Data provided Block Start

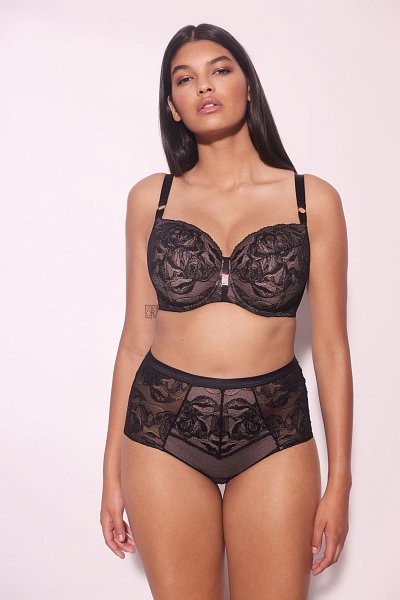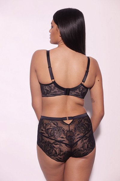 Бюстгальтер Frozen Black PU выполнен на косточках, с дополнительными боковыми поддержками, чашки шитые, нижняя часть на тонком поролоне телесного цвета, внешняя сторона и верхняя покрыты нежным кружевом с черными цветами, с эффектом мерцания. Спинка из кружева продублирована телесной сеткой. Бретельки с эффектом мерцания не отстёгиваются, регулируются по длине. На спине застёжка на удлинитель, фурнитура металлическая цвета меди.
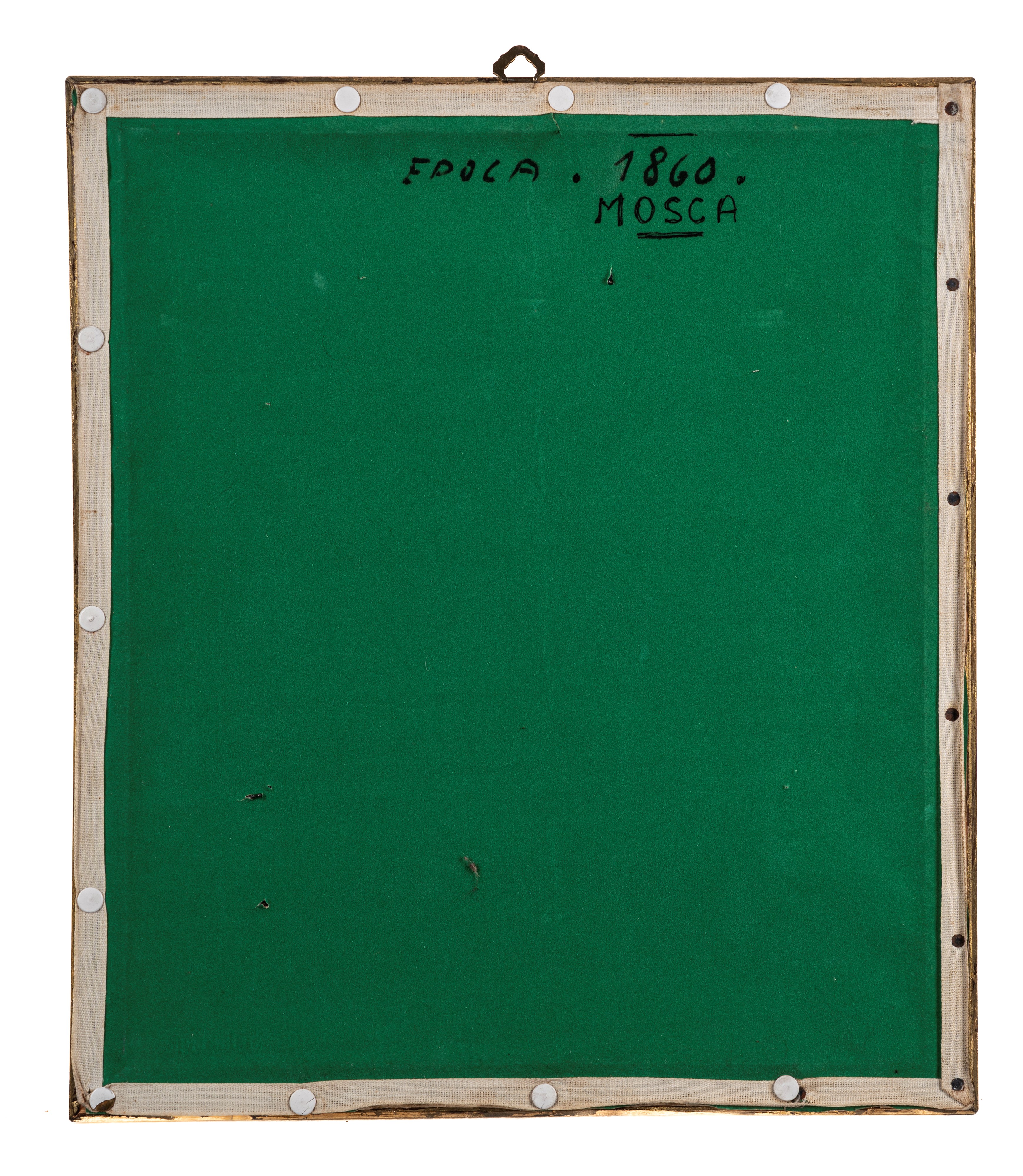 Icona raffigurante San Nicola Taumaturgo con riza in argento sbalzato e dorato. Russia, XIX secolo
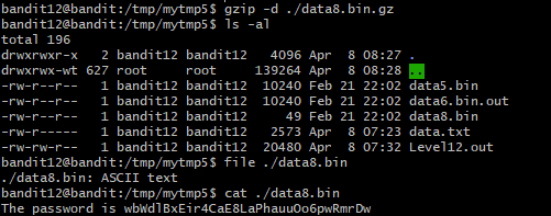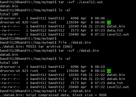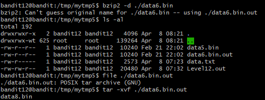 다음 레벨 패스워드는 data.txt 파일에 저장되어 있다. 이것은 반복적으로 압축된 16진수 덤프 파일이다. /tmp 디렉터리 아래에 mkdir 을 이용하여 작업을 하는 것이 도움이 될 수 있다. 예를 들어, 디렉터리 생성(mkdir /tmp/myname123)후 cp 로 데이터 파일을 복사하고 mv 로 이름을 바꿀 수 있다.
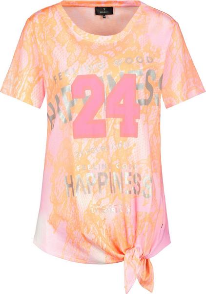 Hingucker Effekt – mit diesem schönen Damen Rundhals T Shirt von monari ergänzen Sie Ihren Kleiderschrank um ein absolutes It-Piece. Das Regular Fit Shirt mit Blumenmuster wird durch ein stilvolles Knotendetail am Bund aufgelockert und verleiht Ihrem Alltagsoutfit eine lässige Note. Die Vorderseite schmückt sich mit femininer Glitzerschrift. Die Baumwollmischung mit Modal trägt sich angenehm auf der Haut. Das muss Frau einfach haben! Es gibt unzählige Outfit Ideen mit diesem T-Shirt Damen. Kombinieren Sie beispielsweise zur coolen Denim Jeans.

Data provided Block End

What this task involves:
With pictures excluded, the material is to be written out exactly as given.

Task output:
 Бюстгальтер Frozen Black PU выполнен на косточках, с дополнительными боковыми поддержками, чашки шитые, нижняя часть на тонком поролоне телесного цвета, внешняя сторона и верхняя покрыты нежным кружевом с черными цветами, с эффектом мерцания. Спинка из кружева продублирована телесной сеткой. Бретельки с эффектом мерцания не отстёгиваются, регулируются по длине. На спине застёжка на удлинитель, фурнитура металлическая цвета меди.
 Icona raffigurante San Nicola Taumaturgo con riza in argento sbalzato e dorato. Russia, XIX secolo
 다음 레벨 패스워드는 data.txt 파일에 저장되어 있다. 이것은 반복적으로 압축된 16진수 덤프 파일이다. /tmp 디렉터리 아래에 mkdir 을 이용하여 작업을 하는 것이 도움이 될 수 있다. 예를 들어, 디렉터리 생성(mkdir /tmp/myname123)후 cp 로 데이터 파일을 복사하고 mv 로 이름을 바꿀 수 있다.
 Hingucker Effekt – mit diesem schönen Damen Rundhals T Shirt von monari ergänzen Sie Ihren Kleiderschrank um ein absolutes It-Piece. Das Regular Fit Shirt mit Blumenmuster wird durch ein stilvolles Knotendetail am Bund aufgelockert und verleiht Ihrem Alltagsoutfit eine lässige Note. Die Vorderseite schmückt sich mit femininer Glitzerschrift. Die Baumwollmischung mit Modal trägt sich angenehm auf der Haut. Das muss Frau einfach haben! Es gibt unzählige Outfit Ideen mit diesem T-Shirt Damen. Kombinieren Sie beispielsweise zur coolen Denim Jeans.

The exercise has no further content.